To allow customers to try on items virtually, retailers should consider introducing technology which scans an actual product or barcode in-store on customers’ smartphones to bring up details of the product as well as a visualisation of it on a 3D avatar. This could allow customers to “try on” as many products as they want without any timing constraints. It would also allow social distancing rules to be followed more easily.

JP: How will blockchain and IoT help prioritise hygiene?

RG: With hygiene maintaining first position on the priorities list for retailers post-lockdown, blockchain will become an increasingly valuable tool for tracing the journey of products, so that customers have much better visibility over where any item has come from and where it has been on its journey.

IoT will also be vital in providing sensor data to monitor whether customers are adhering to social distancing. This will be a much quicker, easier and more accurate method than watching shoppers with human staff.

JP: How else will technology assist retail in regaining momentum post-coronavirus?

RG: A key imperative for the retailers would be translating in-store experiences online.  In an environment where it is inevitable customers will spend less time in-store, technology needs to respond and reduce the “experience gap”. Experiences also need to be seamless across channels including web or mobile incorporate accurate promotions, accommodate social media integration, be accessible, secure and responsive.

Ultimately, technology alone will not entice customers back into the store – the customer experience will become the biggest factor moving forward.

JP: Is high street likely to return to normality, or is the future of retail purely online?

RG: Before the pandemic hit, the high street was already suffering from reduced footfall and declining in-store sales as consumers turned to the convenience of online shopping.
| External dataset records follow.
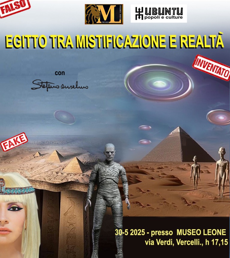 “Egitto tra Mistificazione e realtà: mistero, magia, sapienza occulta, alieni…” è il titolo della conferenza che Stefano Anselmo terrà al Museo Leone di Vercelli venerdì 30 maggio 2025 alle ore 17.30 presso il Corridoio delle Cinquecentine.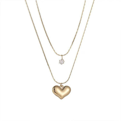 Elevate your elegance with this stunning 18k gold-plated double-layer heart pendant necklace. Crafted from durable stainless steel, this necklace features two delicate chains adorned with a charming heart pendant, beautifully embellished with sparkling cubic zirconia stones. Perfect for daily wear or special occasions, this piece adds a timeless touch of sophistication to any outfit. A meaningful gift for a loved one, it’s designed to last, resist tarnish, and keep its lustrous shine.
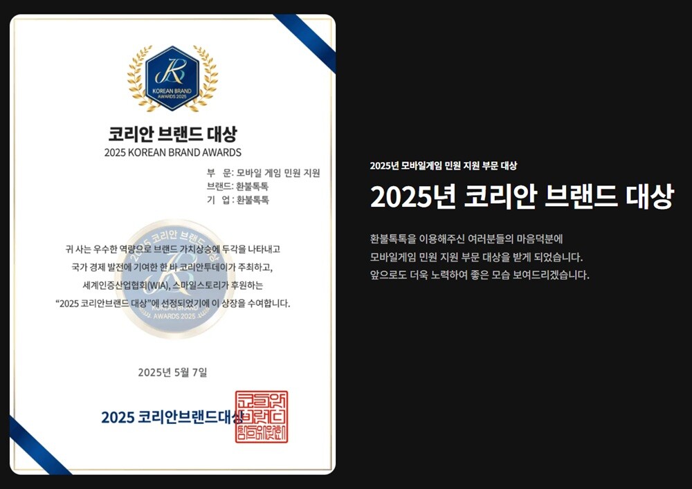 환불톡톡은 이와 같은 운영 방식은 소비자 권익 보호를 중심에 둔 서비스라는 평가를 받으며 ‘2025년 코리안 브랜드 대상’을 수상하기도 했다.

To tackle this, brands focused on improving customer experience by offering something new and exciting. The pandemic has again highlighted the importance of improving customer experience to attract consumers back post-lockdown, but with the safety of staff and welfare of shoppers of utmost importance, this may look a little different to what retailers had planned prior to the pandemic.

With one-fifth of UK retailers not planning to reopen after lockdown, we expect the high street will be made up of fewer but much larger stores, with the concept of the megastore becoming much more familiar to UK shoppers, however, these megastores will not be physical stores. Brands will increasingly adopt display-only concepts that encourage customers to look, but order and try on at home or try on virtually. Smaller stores left unopened will be used as ‘dark stores’ – more convenient and local warehouses used for fulfilment to improve the e-commerce, home delivery experience.

JP: What is the most important thing that retailers should be doing right now in terms of using technology?

RG: As social distancing becomes a more embedded cultural norm and as consumers seek ensured hygiene, health, security and trust, how retailers and brands amend their customer experiences today will have implications on future loyalty-building and growth efforts. In the new world of social distancing, traditional customer experience offerings are in some cases no longer possible or, at the very least, no longer of value to shoppers.

Retailers and brands should now utilise technology to help them shift their experiences to what consumers will value most in a post-Covid-19 world.

It is uncertain what lasting changes to consumer behaviours Covid-19 will leave in its wake. However, there are some experience-oriented services on which retailers should focus their strategies in the new reality and beyond. These include offering increased convenience to shoppers with successful contactless delivery options and consultative engagement and advice from virtual store associates delivered by chatbots and AI-driven automation technology.